Let \(u = e^x\), then \(du = e^x \, dx\) or \(dx = \frac{du}{u}\).
The limits of integration change from \(x = 0\) to \(x = \ln 4\), which correspond to \(u = 1\) to \(u = 4\).
Substitute into the integral:
\(\int_1^4 \frac{u^2}{u^2 + 3u + 2} \, \frac{du}{u} = \int_1^4 \frac{u}{u^2 + 3u + 2} \, du.\)
Factor the denominator: \(u^2 + 3u + 2 = (u+1)(u+2)\).
Use partial fraction decomposition:
\(\frac{u}{(u+1)(u+2)} = \frac{A}{u+1} + \frac{B}{u+2}.\)

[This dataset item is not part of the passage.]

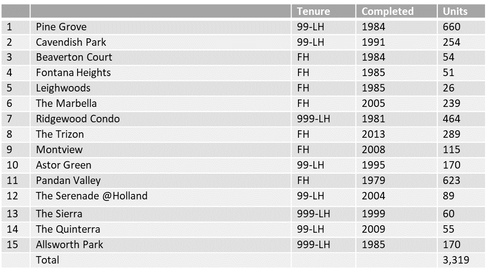 Pine Grove has been an established private housing estate for almost 50 years. Many of the condos there are getting old – in fact only 4 out of the 15 condos in the Pine Grove area have been launched after 2000.
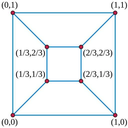 | Keywords: Tutte cube.svg Tutte embedding of the graph of a cube The outer four vertices are fixed at the corners of a unit square and each remaining vertex is at the average of its neighbors' positions 2013-05-28 17 47 33 own David Eppstein cc-zero Uploaded with UploadWizard Undirected planar graphs |

Multiply through by the denominator:
\(u = A(u+2) + B(u+1).\)
Expanding gives:
\(u = Au + 2A + Bu + B.\)
Combine like terms:
\(u = (A+B)u + (2A+B).\)
Equate coefficients:
\(A + B = 1\) and \(2A + B = 0\).
Solving these equations gives \(A = 2\) and \(B = -1\).
Thus, \(\frac{u}{(u+1)(u+2)} = \frac{2}{u+2} - \frac{1}{u+1}\).
Integrate each term:
\(\int_1^4 \left( \frac{2}{u+2} - \frac{1}{u+1} \right) \, du = 2 \ln|u+2| - \ln|u+1| \bigg|_1^4.\)
Evaluate the definite integral:
\(\left( 2 \ln 6 - \ln 5 \right) - \left( 2 \ln 3 - \ln 2 \right).\)
Simplify using logarithm properties:
\(2 \ln 6 - \ln 5 - 2 \ln 3 + \ln 2 = \ln \left( \frac{36}{5} \right) - \ln \left( \frac{9}{2} \right).\)
Combine the logarithms:
\(\ln \left( \frac{36}{5} \times \frac{2}{9} \right) = \ln \left( \frac{8}{5} \right).\)